Under § 6 of the Arbitration Act, 9 U.S.C. § 6, Mercury's application for a § 4 order was properly treated procedurally as a motion. Mercury submitted affidavits, legal briefs, and documentary evidence in support of the order sought. The Hospital responded with full briefing and extensive evidentiary submissions on the arbitrability issue, and it requested oral argument and a jury trial. At the same time, it made its successful motion for a stay. It is readily apparent that if the District Court had denied the stay, it doubtless could and should have gone on to decide the arbitrability point in very short order.
"the court in which such suit is pending, upon being satisfied that the issue involved in such suit or proceeding is referable to arbitration under such an agreement, shall on application of one of the parties stay the trial of the action until such arbitration has been had in accordance with the terms of the agreement, providing the applicant for the stay is not in default in proceeding with such arbitration." 9 U.S.C. § 3.
Moreover, the policy of the Arbitration Act requires a liberal reading of arbitration agreements, see infra, at 24-25. As a result, some issues that might be thought relevant to arbitrability are themselves arbitrable—further speeding the procedure under §§ 3 and 4. See, e.g., Prima Paint Corp. v. Flood & Conklin Mfg. Co., 388 U.S. 395, 87 S.Ct. 1801, 18 L.Ed.2d 1270 (1967).
Although the dissenting Justices in Colorado River relied on this point, see 424 U.S., at 825-826, 96 S.Ct., at 1250, the majority concluded that the federal/state law point was not controlling for two reasons. First, there was an affirmative policy in federal law expressly approving litigation of federal water rights in state court—the McCarran Amendment. Second, although the water rights of the United States and the Indian tribes were governed in part by federal law, the bulk of the litigation would necessarily revolve around the state-law water rights of the thousand nonfederal parties in the case—a factor on which we expressly relied in approving the District Court's stay. 424 U.S., at 820, 96 S.Ct., at 1247.
"Maritime transaction" and "commerce" are defined in § 1 of the Arbitration Act, 9 U.S.C. § 1.

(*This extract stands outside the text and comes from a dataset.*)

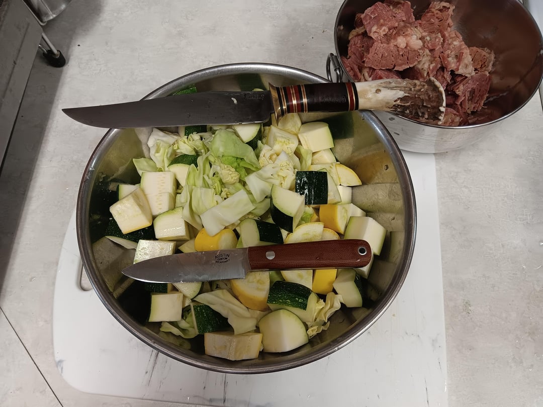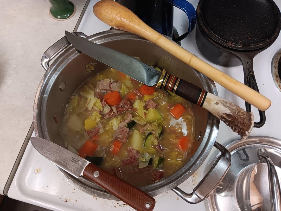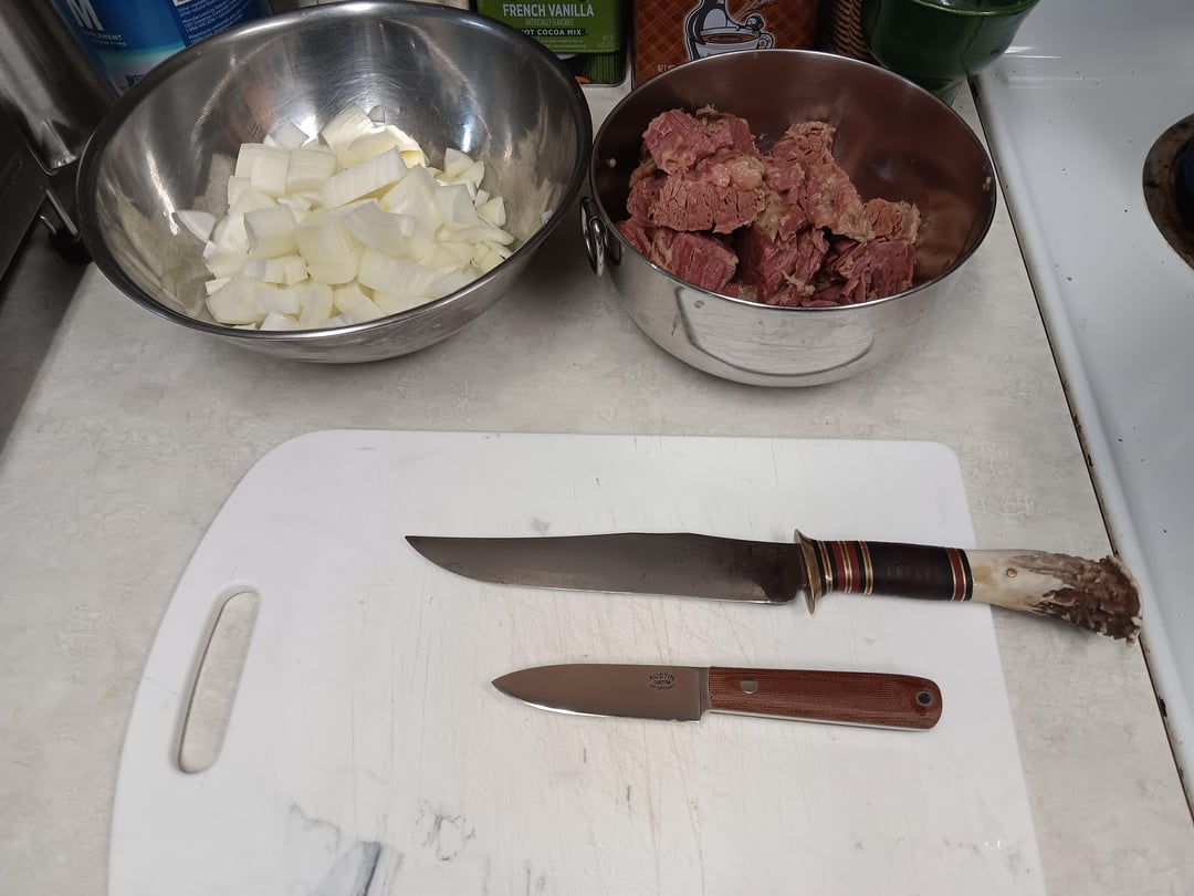 The Scagel carving knife was made by Dave Shirley in 2005. He owned the Scagel brand at the time. Joel Austin made me this custom EDC pairing knife. They made quick work of all the cutting today.

The Arbitration Act is something of an anomaly in the field of federal-court jurisdiction. It creates a body of federal substantive law establishing and regulating the duty to honor an agreement to arbitrate, yet it does not create any independent federal-question jurisdiction under 28 U.S.C. § 1331 (1976 ed., Supp. IV) or otherwise. Section 4 provides for an order compelling arbitration only when the federal district court would have jurisdiction over a suit on the underlying dispute; hence, there must be diversity of citizenship or some other independent basis for federal jurisdiction before the order can issue. E.g., Commercial Metals Co. v. Balfour, Guthrie, & Co., 577 F.2d 264, 268-269 (CA5 1978), and cases cited. Section 3 likewise limits the federal courts to the extent that a federal court cannot stay a suit pending before it unless there is such a suit in existence. Nevertheless, although enforcement of the Act is left in large part to the state courts, it nevertheless represents federal policy to be vindicated by the federal courts where otherwise appropriate.
We need not address whether a federal court might stay a state-court suit pending arbitration under 28 U.S.C. § 2283.